Shopping
- Erin Stevenson
- Jul 28, 2024
- 3 min read
I like to people watch … I’m fascinated by human behaviour. I could watch people for hours and be entertained - well, mostly. I don’t enjoy drama, as such, reality tv and I aren’t friends.
I was recently out shopping with three teenage girls. They are related, yet also friends. We had a lot on our list and only a couple of hours to complete everything … each girl having their own priorities and wish list. On the way to the mall, they all agreed on what stores they wanted to hit and were excited to see what their options were.
The girls moved well from store to store, some moving on while others paid for purchases to ensure everyone was able to achieve their goals. The fascinating part was listening to them give their opinions on their outfits … the girls are different ages, different builds, have different tastes, personal styles and personalities … yet they were supportive. Giving advice on colour preferences, honest feedback on fit and flatter and general opinions on overall style. They never diminished each other, attacked their choices etc. If something didn’t look good they were honest, but nice … “not my favourite” or “I don’t think it suits you” etc. They modelled their choices, sought advice on how to style certain pieces and how to incorporate into their existing wardrobes to justify spending their money and they got excited about each other's choices. They were patient with each other, enjoyed each other's company and talked the entire time.

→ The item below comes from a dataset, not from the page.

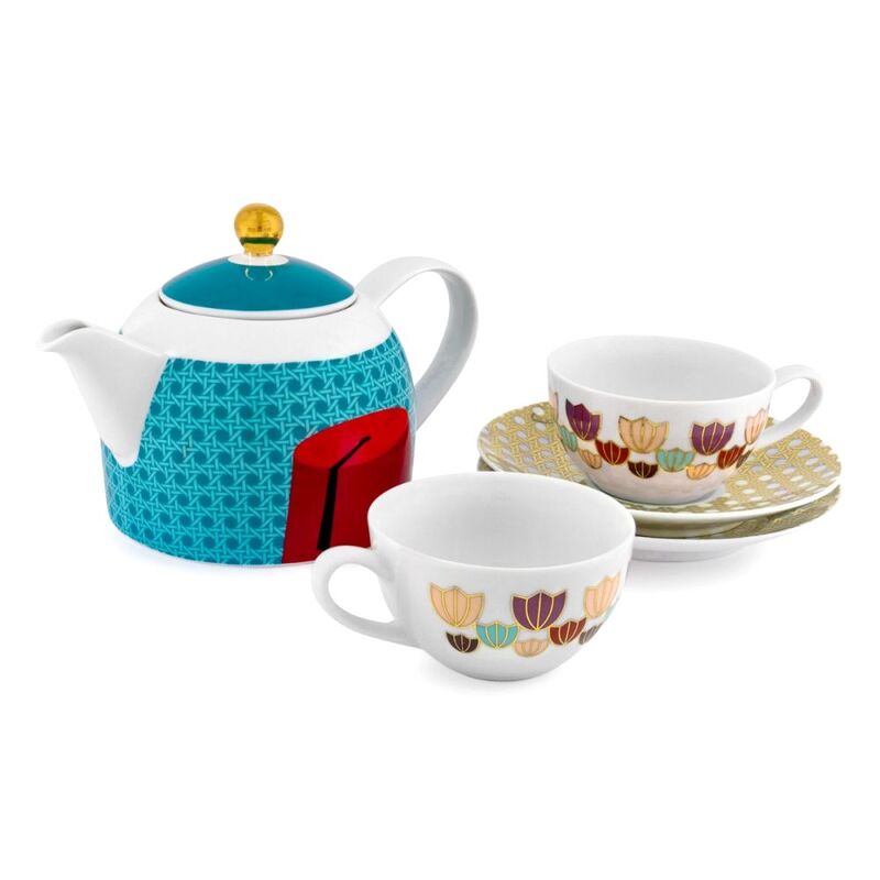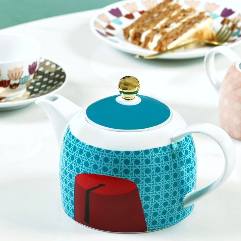 Bring a touch of quirky nostalgia to brunches and afternoon pick-me-ups with this colorful porcelain teapot. Created in collaboration with event planner Maya Toubia, it’s adorned with a colorful pattern inspired by the traditional Lebanese art of chair caning and finished with the iconic tarboush. Sure to brighten up your morning ritual, combine it with the matching mugs or teacups for a coordinated tea party setting, or mix and match for an eclectic feel.

This brings me to my second point. Listening to conversations you aren’t included in … so amazing. Seriously. So educational. They talked about music, YouTube influencers, boys, music again, school, girls who have wronged them - been mean, fallen out with, been hurt by - and music and boys again.

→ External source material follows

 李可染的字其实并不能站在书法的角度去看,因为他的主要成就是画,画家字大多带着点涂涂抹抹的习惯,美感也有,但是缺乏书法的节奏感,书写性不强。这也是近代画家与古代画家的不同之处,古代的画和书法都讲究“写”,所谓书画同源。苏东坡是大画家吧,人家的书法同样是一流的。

That what wasn’t as interesting - and it was - as the how. The animation, the conspiratorial whispers, the laughter, the support. It was amazing to watch how they stepped into themselves when they felt safe … safe enough to be themselves, to be seen, heard and accepted … no judgement. Just love, acceptance and support.
Even when they were defending each other, validating their feelings while sharing stores of mean girls … they just had each other's backs.
Point of clarification: I love these girls … my bebe’s … fiercely. I do, however, know they have the capacity to be mean, to be cruel, to be dismissive … to be less than their best selves. Basically … human. But, in the moments between the rain, the clothes and the drive … they were these tiny balls of light … filling each other and the space around them with such positive energy. I was grateful to be a witness to it, a part of it, and while I had nothing to do with it, I was strangely proud of who they were and how they showed up with and for each other.
I won’t go into my thoughts on teenage girls … other than to say, they carry a lot. All the emotions, the weight of judgement … we expect so much more from them then we do ourselves I think. I don’t envy them, starting their journey. I have less than no interest in repeating highschool or university … not that my experiences were bad, they weren’t, but I did that once, and once was enough.
It might seem an odd thing to write about, but lately the world has felt on edge, as if everything and everyone existed in a pressure cooker. Shopping with my bebe’s … everything felt light. Like we existed in a bubble and everyone who entered had that same energy and positivity. It was a welcome reprieve.
I love watching them human, especially when they are doing it well. I love watching them shine and I really love watching them bring out the best in each other. I also love that they allowed me to witness it, be a part of it. These bebe’s, my other bebe’s … they are turning into these incredible adults, or, are on their way. Moments like these are good reminders … to enjoy the moments, to be present, to listen. It’s in those moments that life is in progress … and it’s amazing.